Among the entries below, extract exactly the lines that run from the one with "Set of six Italian" through the one with "Garden View-rommene ligger", both ends included.

Dataset records
----------------------------------------
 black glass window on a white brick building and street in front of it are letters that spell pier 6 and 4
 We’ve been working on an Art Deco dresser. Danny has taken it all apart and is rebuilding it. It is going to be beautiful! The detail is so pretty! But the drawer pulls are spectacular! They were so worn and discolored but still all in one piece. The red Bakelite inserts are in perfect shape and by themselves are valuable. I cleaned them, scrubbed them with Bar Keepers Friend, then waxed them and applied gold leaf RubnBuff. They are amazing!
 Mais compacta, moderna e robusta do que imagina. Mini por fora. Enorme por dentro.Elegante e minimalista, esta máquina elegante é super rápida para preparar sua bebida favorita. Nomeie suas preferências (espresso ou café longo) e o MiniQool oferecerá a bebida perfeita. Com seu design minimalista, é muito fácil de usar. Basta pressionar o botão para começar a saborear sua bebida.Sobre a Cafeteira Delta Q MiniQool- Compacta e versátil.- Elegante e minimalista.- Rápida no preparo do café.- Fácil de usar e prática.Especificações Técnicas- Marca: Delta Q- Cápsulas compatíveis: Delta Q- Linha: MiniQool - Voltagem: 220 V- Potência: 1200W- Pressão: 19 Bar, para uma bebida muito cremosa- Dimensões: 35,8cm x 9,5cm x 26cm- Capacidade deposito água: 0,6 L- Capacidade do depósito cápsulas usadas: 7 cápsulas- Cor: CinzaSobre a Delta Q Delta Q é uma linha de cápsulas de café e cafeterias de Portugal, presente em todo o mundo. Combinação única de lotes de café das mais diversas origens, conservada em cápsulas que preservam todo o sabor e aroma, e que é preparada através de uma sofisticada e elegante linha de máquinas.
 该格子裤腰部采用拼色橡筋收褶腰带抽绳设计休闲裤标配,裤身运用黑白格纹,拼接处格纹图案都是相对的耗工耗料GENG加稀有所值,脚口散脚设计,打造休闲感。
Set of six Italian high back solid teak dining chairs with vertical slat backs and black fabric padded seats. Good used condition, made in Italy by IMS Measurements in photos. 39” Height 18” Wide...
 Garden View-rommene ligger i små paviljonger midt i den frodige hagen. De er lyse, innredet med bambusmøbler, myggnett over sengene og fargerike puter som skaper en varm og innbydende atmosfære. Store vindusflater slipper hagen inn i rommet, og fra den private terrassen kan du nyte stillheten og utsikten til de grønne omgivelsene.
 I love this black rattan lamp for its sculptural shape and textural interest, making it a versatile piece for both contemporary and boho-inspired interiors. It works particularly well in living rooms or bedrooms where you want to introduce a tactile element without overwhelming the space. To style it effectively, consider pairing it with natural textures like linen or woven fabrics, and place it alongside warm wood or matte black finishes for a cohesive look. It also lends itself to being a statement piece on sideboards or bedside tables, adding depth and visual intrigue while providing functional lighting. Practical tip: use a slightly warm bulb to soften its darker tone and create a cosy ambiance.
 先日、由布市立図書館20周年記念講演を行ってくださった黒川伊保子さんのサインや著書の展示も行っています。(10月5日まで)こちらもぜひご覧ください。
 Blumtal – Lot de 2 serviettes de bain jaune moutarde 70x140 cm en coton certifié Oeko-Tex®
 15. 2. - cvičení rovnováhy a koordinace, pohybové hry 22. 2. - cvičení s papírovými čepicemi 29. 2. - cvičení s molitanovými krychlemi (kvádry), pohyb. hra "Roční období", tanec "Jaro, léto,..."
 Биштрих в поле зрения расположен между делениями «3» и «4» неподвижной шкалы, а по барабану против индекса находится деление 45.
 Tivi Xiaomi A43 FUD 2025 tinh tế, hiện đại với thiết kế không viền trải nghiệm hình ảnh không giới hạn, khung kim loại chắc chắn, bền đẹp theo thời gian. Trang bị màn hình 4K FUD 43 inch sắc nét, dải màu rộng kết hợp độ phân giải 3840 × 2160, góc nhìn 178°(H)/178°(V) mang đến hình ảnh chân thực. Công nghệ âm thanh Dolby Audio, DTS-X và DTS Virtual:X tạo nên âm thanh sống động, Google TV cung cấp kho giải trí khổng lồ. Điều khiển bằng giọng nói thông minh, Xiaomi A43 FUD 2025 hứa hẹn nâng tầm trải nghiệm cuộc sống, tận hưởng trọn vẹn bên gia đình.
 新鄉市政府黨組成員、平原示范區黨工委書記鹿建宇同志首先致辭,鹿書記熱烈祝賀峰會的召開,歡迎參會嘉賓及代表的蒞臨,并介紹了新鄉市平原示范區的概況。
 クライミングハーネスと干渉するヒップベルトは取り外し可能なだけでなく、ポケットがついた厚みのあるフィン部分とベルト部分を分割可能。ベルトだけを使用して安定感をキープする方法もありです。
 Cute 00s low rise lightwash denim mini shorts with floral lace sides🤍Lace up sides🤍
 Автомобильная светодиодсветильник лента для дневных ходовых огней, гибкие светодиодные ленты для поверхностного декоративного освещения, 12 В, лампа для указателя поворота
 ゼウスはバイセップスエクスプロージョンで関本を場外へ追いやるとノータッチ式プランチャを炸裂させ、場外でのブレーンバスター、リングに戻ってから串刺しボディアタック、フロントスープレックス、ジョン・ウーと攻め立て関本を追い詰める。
----------------------------------------
→ TASK RESULT:
Set of six Italian high back solid teak dining chairs with vertical slat backs and black fabric padded seats. Good used condition, made in Italy by IMS Measurements in photos. 39” Height 18” Wide...
 Garden View-rommene ligger i små paviljonger midt i den frodige hagen. De er lyse, innredet med bambusmøbler, myggnett over sengene og fargerike puter som skaper en varm og innbydende atmosfære. Store vindusflater slipper hagen inn i rommet, og fra den private terrassen kan du nyte stillheten og utsikten til de grønne omgivelsene.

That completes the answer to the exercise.